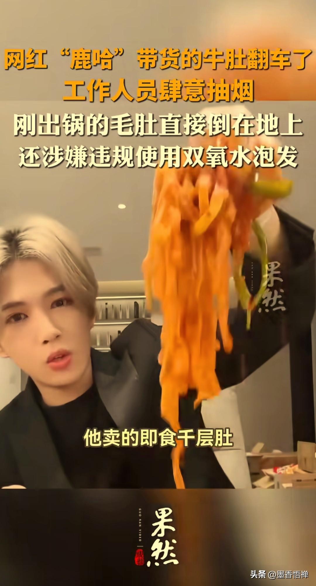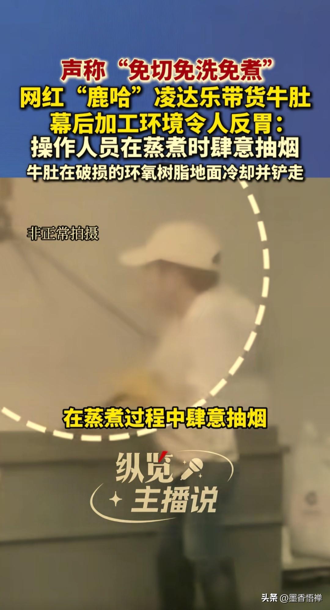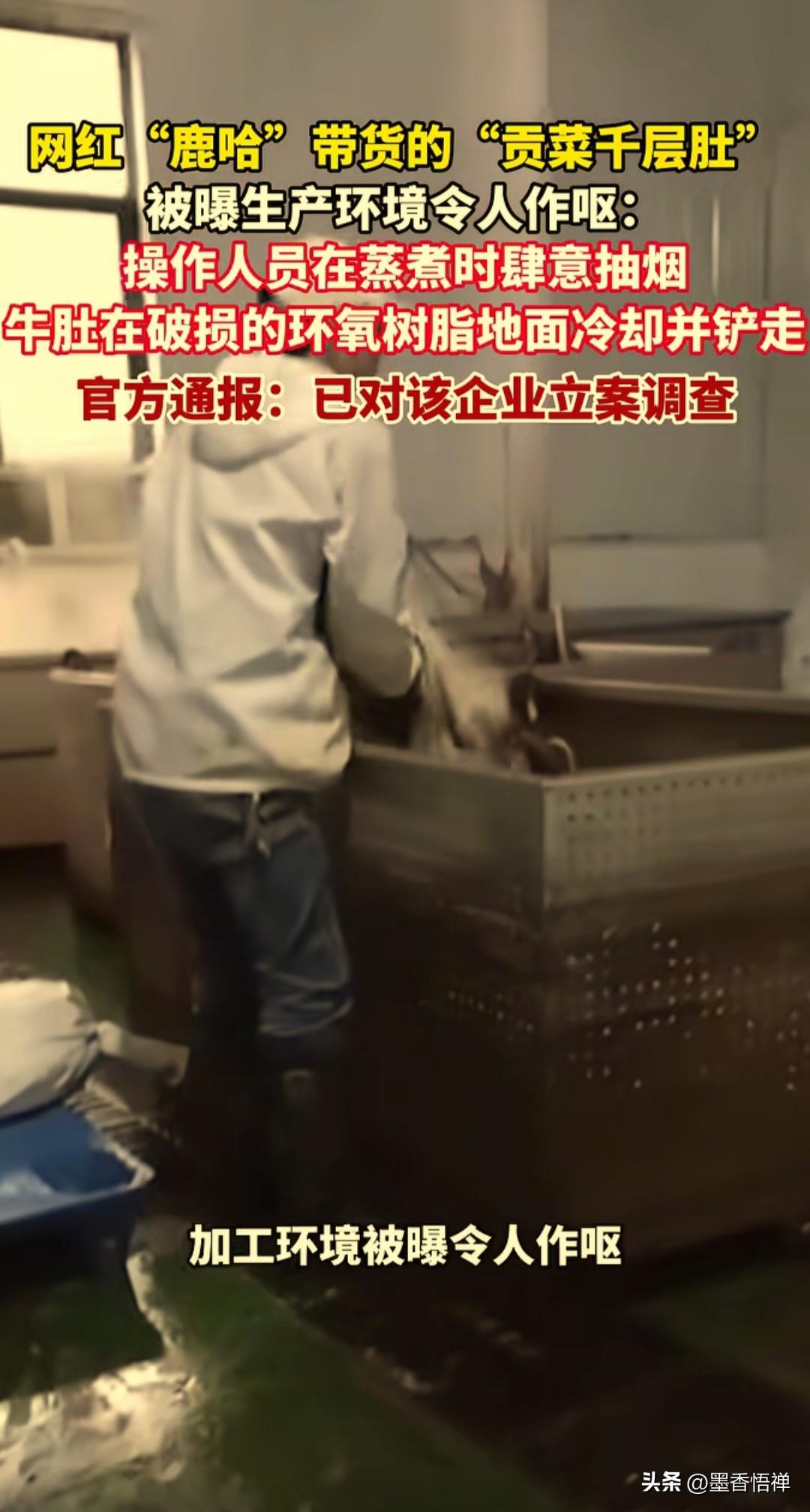 惊掉下巴!鹿哈带货3000万单千层肚曝惊天黑幕:车间抽烟、地上铲起装袋,巨额赔偿曝光 3·15曝光,据多家媒体报道:千万粉丝网红鹿哈(凌达乐) 就迎来“最大翻车”,其带货爆品“贡菜千层肚”被曝出触目惊心的生产黑幕! 这款号称“免切免洗免煮”的网红零食,单平台销量曾逼近3000万单,然而中国食品报的暗访实拍,却揭开了背后令人作呕的真相: 生产现场堪比“垃圾场”,实拍视频显示,涉事企业四川川牛福食品有限公司车间内存在严重违规: 1. 操作极不卫生:工作人员在蒸煮牛肚时公然抽烟,烟灰、烟蒂直接掉落至滚烫的食材上。 2. 严重交叉污染:刚出锅的高温牛肚直接倒在破损、脏污、积水满地的环氧树脂地面上冷却,随后被工人像铲垃圾一样铲起装袋。 3. 违规漂白:泡发环节涉嫌超范围使用双氧水进行漂白,严重违反食品安全法规。 这与直播间“干净卫生、开袋即食”的宣传形成了巨大反差! 事件曝光后,四川南充嘉陵区市场监督管理局连夜出击,迅速采取行动: 1. 对涉事企业立案调查,并责令立即停业整顿。 2. 封存全部原料与成品,当场抽样送检。 3. 后续将依法从严查处,并及时公布调查结果。 算笔账:假一赔十或赔三,得赔多少? 鹿哈团队已下架涉事商品并更换厂家,但面对近3000万单的销量,赔偿金额成了热议焦点: 按单销量约3000万单、客单价约9元计算: 若按假一赔十,总金额高达89.7亿元! 即便按假一赔三,也需赔付26.9亿元。 这组惊人的数据,也再次敲响了网红带货的警钟。 食品安全无小事,网红带货不能只看流量,食品安全是底线!
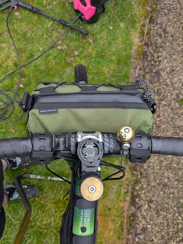 The bag is very stable even with a heavy load in it, I carried a large glass jar of chunky marmalade (don’t ask) for 36 miles over rough terrain and there was hardly any bounce or swinging. Also because of the lining there’s minimal rattle when you’ve only got a couple of things in the bag too. Fitting to the bike is easy, the straps are long and so should fit any weird wide aero bar you have. The straps could be a bit more elastic though, especially when it’s cold out and they stiffen up but then you are probably not going to be taking the bag off and on again like I do so that’s hardly a negative. In fact its hard to find anything but praise for this bag, it quietly gets on with it’s job, seems tough without being overbuilt and heavy, has lots of features but no silly gimmics and can resist typical UK weather. Then again Victory Chimp is based in Northern Ireland so I really shouldn’t be surprised at its design.
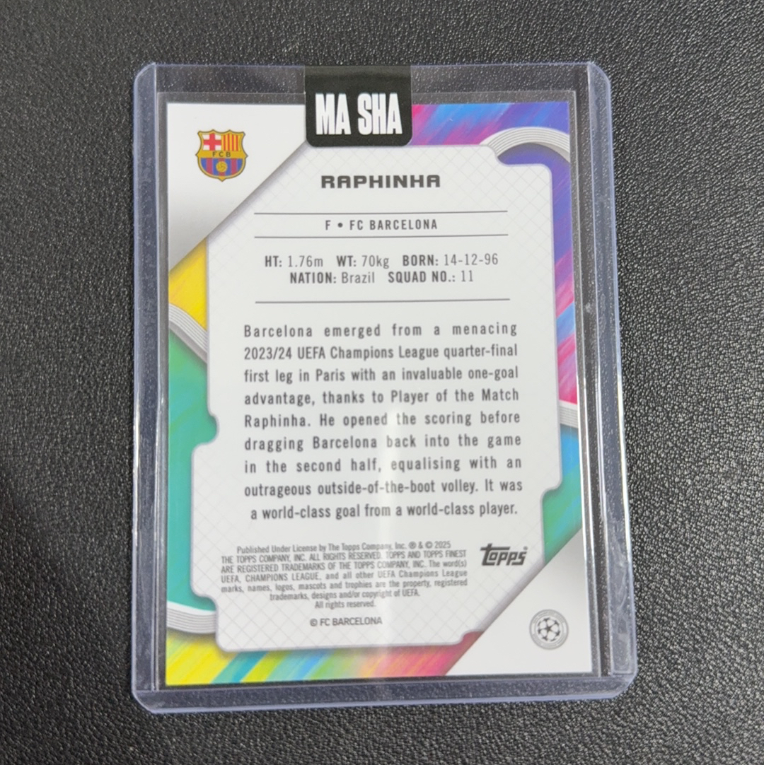 2025 Topps Finest Raphinha 限量181/250编 巴塞罗那 拉菲尼亚 新拆盒子 拆盒及上膜上夹 肉眼未见明显瑕疵

━━━━━━━━

> Brief
Copy out the whole listing exactly. Skip its pictures.

> Output
 惊掉下巴!鹿哈带货3000万单千层肚曝惊天黑幕:车间抽烟、地上铲起装袋,巨额赔偿曝光 3·15曝光,据多家媒体报道:千万粉丝网红鹿哈(凌达乐) 就迎来“最大翻车”,其带货爆品“贡菜千层肚”被曝出触目惊心的生产黑幕! 这款号称“免切免洗免煮”的网红零食,单平台销量曾逼近3000万单,然而中国食品报的暗访实拍,却揭开了背后令人作呕的真相: 生产现场堪比“垃圾场”,实拍视频显示,涉事企业四川川牛福食品有限公司车间内存在严重违规: 1. 操作极不卫生:工作人员在蒸煮牛肚时公然抽烟,烟灰、烟蒂直接掉落至滚烫的食材上。 2. 严重交叉污染:刚出锅的高温牛肚直接倒在破损、脏污、积水满地的环氧树脂地面上冷却,随后被工人像铲垃圾一样铲起装袋。 3. 违规漂白:泡发环节涉嫌超范围使用双氧水进行漂白,严重违反食品安全法规。 这与直播间“干净卫生、开袋即食”的宣传形成了巨大反差! 事件曝光后,四川南充嘉陵区市场监督管理局连夜出击,迅速采取行动: 1. 对涉事企业立案调查,并责令立即停业整顿。 2. 封存全部原料与成品,当场抽样送检。 3. 后续将依法从严查处,并及时公布调查结果。 算笔账:假一赔十或赔三,得赔多少? 鹿哈团队已下架涉事商品并更换厂家,但面对近3000万单的销量,赔偿金额成了热议焦点: 按单销量约3000万单、客单价约9元计算: 若按假一赔十,总金额高达89.7亿元! 即便按假一赔三,也需赔付26.9亿元。 这组惊人的数据,也再次敲响了网红带货的警钟。 食品安全无小事,网红带货不能只看流量,食品安全是底线!
 The bag is very stable even with a heavy load in it, I carried a large glass jar of chunky marmalade (don’t ask) for 36 miles over rough terrain and there was hardly any bounce or swinging. Also because of the lining there’s minimal rattle when you’ve only got a couple of things in the bag too. Fitting to the bike is easy, the straps are long and so should fit any weird wide aero bar you have. The straps could be a bit more elastic though, especially when it’s cold out and they stiffen up but then you are probably not going to be taking the bag off and on again like I do so that’s hardly a negative. In fact its hard to find anything but praise for this bag, it quietly gets on with it’s job, seems tough without being overbuilt and heavy, has lots of features but no silly gimmics and can resist typical UK weather. Then again Victory Chimp is based in Northern Ireland so I really shouldn’t be surprised at its design.
 2025 Topps Finest Raphinha 限量181/250编 巴塞罗那 拉菲尼亚 新拆盒子 拆盒及上膜上夹 肉眼未见明显瑕疵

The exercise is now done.